# idea for new site



## inkfashion (Jul 28, 2015)

hey people gonne build a new site and got 2 qeustions

first one is what u think of the domein and name i bhought.
tlcollections.nl/com/eu ect. (timeless collections) there wil be sold 3 diferent brands on it for now and wil do some dropshipping 2 of the brands i print myself.

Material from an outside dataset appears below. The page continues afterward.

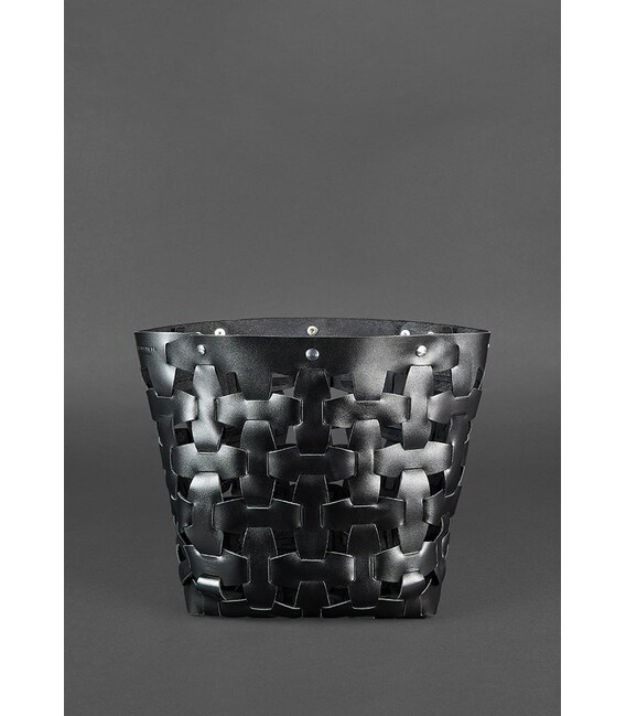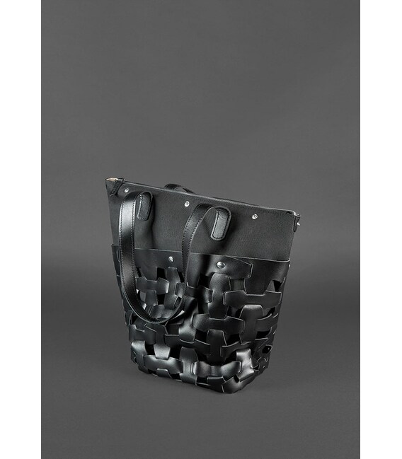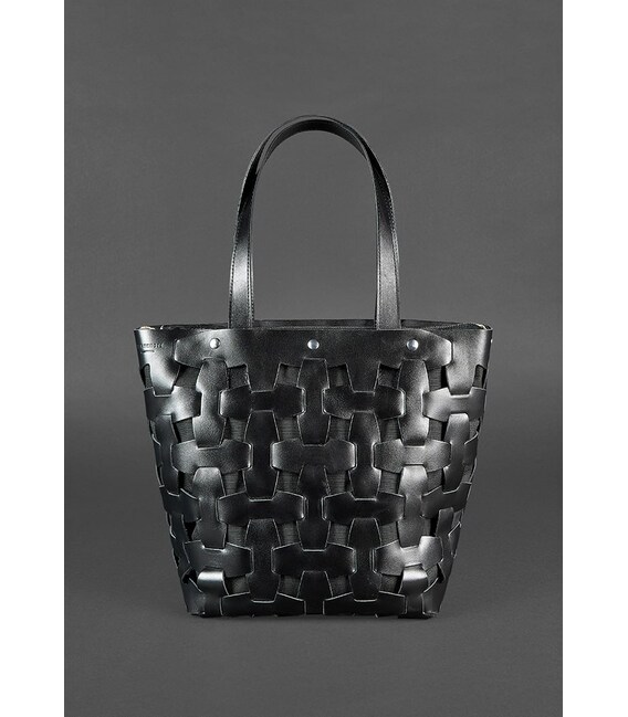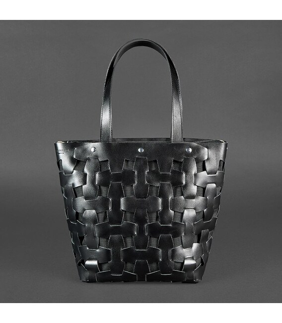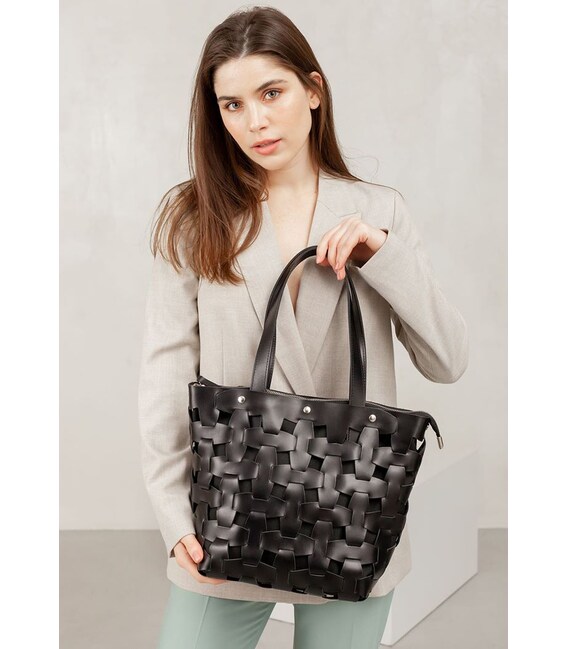 Стильний шоппер середнього розміру стане оригінальним доповненням повсякденного образу. Виконано аксесуар з гладкої натуральної шкіри насиченого чорного кольору. Шкіряні смужки з'єднуються за принципом пазлів, формуючи верхній каркас сумки.

than i wanne start building tomorrow opinions on what are good theme's for this kind of sites?

thankyou people
enjoy your holiday!


----------



## Embroidthis2200 (May 30, 2008)

I use a TL collections to get payment on bad checks, Just my opinion.


----------



## jannatul31 (Feb 20, 2014)

If you not doing any local business then buying the .com domain is the best choice. But if your service is for any specific region then you should buy a domain related to that region like .co.uk for UK based business.


----------



## David09 (Oct 2, 2015)

Agreed with jannatul


----------



## JosephRegan90 (Dec 26, 2015)

nextone store theme's is best for you..


----------



## brandonlaura (Dec 26, 2015)

I suggest you to buy .com domain however for the layout you have to go for e-commerce layout for your website because it suits your business


----------



## jannatul31 (Feb 20, 2014)

David09 said:


> Agreed with jannatul


Thanks and I am thinking this for my own business as well!


----------



## gnizitigid (Jan 23, 2007)

First if you want to run your business in .nl, than buy .nl domain. here are some themes 10+ WordPress Fashion Themes | ThemeForest


----------



## tuanbaby (Jul 10, 2020)

To build a new website, you need to make beautiful content and products


----------



## JohnDeco (Mar 2, 2020)

Shopkeeper - best theme for eCommerce store


----------